Three transports, one loop:

  • REPL — streaming text + tool calls, mid-turn steering, Ctrl-C cancel, 26-entry slash-command palette (/help, /share, /agent, /model, /sessions, /compact, …).
  • HTTP + SSE/sessions, /sessions/{id}, /sessions/{id}/turns, /sessions/{id}/events (Server-Sent Events). Optional OTTER_SERVER_TOKEN Bearer auth.
  • ACP — JSON-RPC over stdio for IDE clients that already speak the Agent Client Protocol.

Key flag surface:

chimera otter --model glm-5.1:cloud -p "..."     # pick the provider/model
chimera otter --no-mcp -p "..."                  # disable MCP tool sources
chimera otter --no-rules -p "..."                # ignore project + user rules files
chimera otter --no-plugins -p "..."              # skip directory-loaded plugins
chimera otter --no-lsp -p "..."                  # disable LSP-backed edit verification

Every persisted run lives under ~/.chimera/eventlog/otter-<utc>-<uuid>/ and is listable, showable, and shareable (chimera otter sessions list | show | --since 7d, chimera otter share <id> --sink http|file|stdout --format html|md|json).

See the Otter quickstart for the full walkthrough — provider resolution order, env vars, on-disk layout, and pointers to providers.md, models.md, sessions.md, share.md, and server.md.

Ferret — sandbox-first IDE-flagship coding agent

chimera ferret is the third coding-agent CLI. Where mink is TUI-first and otter is server-first, ferret mirrors the upstream IDE-flagship posture: a sandbox-first runner with single-flag approval presets, an ACP JSON-RPC transport that ships as the default serve transport (HTTP is opt-in), and an optional cloud bridge so a local ferret session can be driven from a remote UI. The two headline guardrails compose: --sandbox blocks at the OS level, --approval blocks at the policy level, and a tool call has to pass both.

uv sync --extra dev --extra openai
export OPENAI_API_KEY=sk-...
chimera ferret -p "audit the repo"                                       # default: read-only sandbox + read-only approval
chimera ferret --sandbox workspace-write --approval auto -p "fix tests"  # writes inside cwd, no asks for safe ops
chimera ferret                                                           # interactive REPL
chimera ferret serve                                                     # ACP over stdio (the default)
chimera ferret serve --http --port 5173                                  # HTTP, opt-in

See the Ferret quickstart for the four entry points, sandbox modes, approval presets, IDE-bridge wiring, and cloud-bridge setup.

Weasel — minimal harness with four operating modes

chimera weasel is the fourth coding-agent CLI. Where mink/otter/ferret each ship strong opinions, weasel mirrors the minimal harness posture: powerful defaults, no sub-agents, no plan mode, no built-in approval presets — just one ReAct loop reachable through four interchangeable I/O envelopes (interactive REPL, one-shot print, stdio JSON-RPC, embedded SDK), an auto-discovered .weasel/extensions/ directory, and an embeddable Agent class.

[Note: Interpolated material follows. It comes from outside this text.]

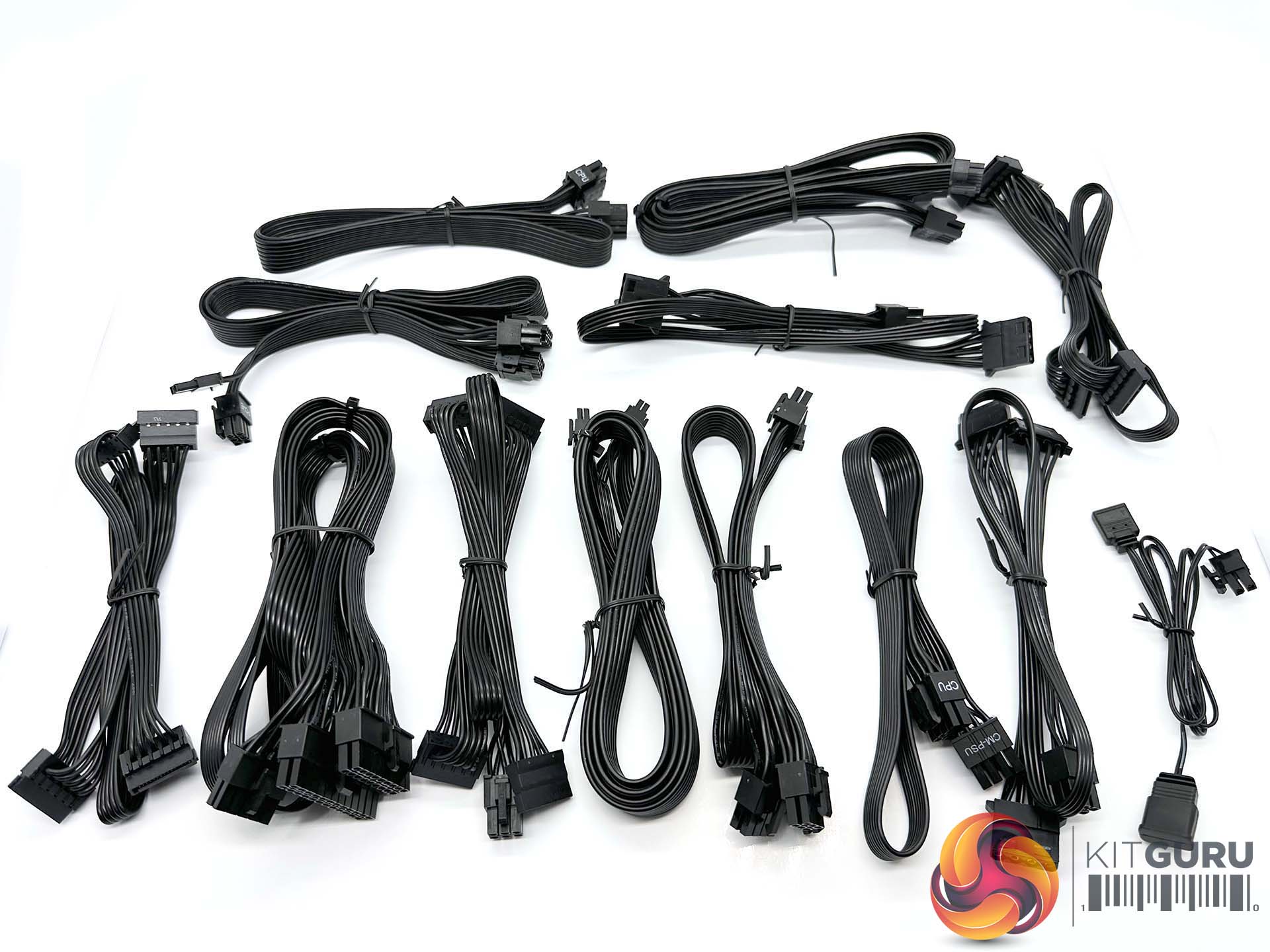The cables are all sleeved for ease of routing during the build phase. The motherboard cable is 65cm long. The CPU 4+4 connectors are 60cm and 70cm respectively. The 12VHPWR 12+4 pin cable is 60cm long. The PCIe 6+2 pin cable is 2×65/15cm. The 2xPCIe 8 pin – 12VHPWR splitter cable is 60cm. The 12x SATA cables are 4×45/15/15/15cm. The 4P Molex cables are 2×50/15/15cm. The extra dual PCIe 8-pin to 12VHPWR cable may come in useful.

If you want more, you build it (or install an extension); weasel will not get in the way.

uv sync --extra dev --extra anthropic
export ANTHROPIC_API_KEY=sk-ant-...
chimera weasel                                       # mode 1: interactive REPL
chimera weasel -p "summarize TODO comments in src/"  # mode 2: one-shot print (add --json for a single JSON blob)
chimera weasel --mode rpc < requests.jsonl           # mode 3: stdio JSON-RPC server
python -c "from chimera.weasel.sdk import Agent; print(Agent(model='claude-sonnet-4-6').run('list files').text)"  # mode 4: SDK

See the Weasel quickstart for the four modes in detail, the extension layout, and the SDK recipe.

Shrew — coding agent tuned for small local models

chimera shrew is the fifth coding-agent CLI, explicitly tuned for small local models (Qwen3.5-9B, Qwen3.6-35B-A3B MoE, and friends). It is a thin layer on top of weasel — same four modes, same session schema, same extension surface — but with three small-model adjustments: the default model is qwen3.6-35b-a3b served by llama.cpp on 127.0.0.1:8888, --max-steps defaults to 30 (smaller than mink/otter's 50; small models don't benefit from long horizons), and the default --allowed-tools is the restricted Read,Write,Edit,Bash set so a 4-bit quantised model doesn't burn its context budget on tool selection. Cloud fallbacks (anthropic/claude-haiku-4-5, openai/gpt-4o-mini) work via --model vendor/name.

# Build llama.cpp and serve a GGUF on :8888 (see docs/shrew/small-model-setup.md)
./llama-server -m qwen3.6-35b-a3b.Q4_K_M.gguf --host 127.0.0.1 --port 8888 &

uv sync --extra dev
chimera shrew -p "explain this repo"                    # one-shot against the local llama.cpp server
chimera shrew                                           # interactive REPL
chimera shrew --list-models                             # known model identifiers
chimera shrew bench aider-polyglot --bench-limit 5      # small-model benchmark harness
chimera shrew --model anthropic/claude-haiku-4-5 -p "..."  # cloud fallback

See the Shrew quickstart for the small-model setup walkthrough and benchmark harness.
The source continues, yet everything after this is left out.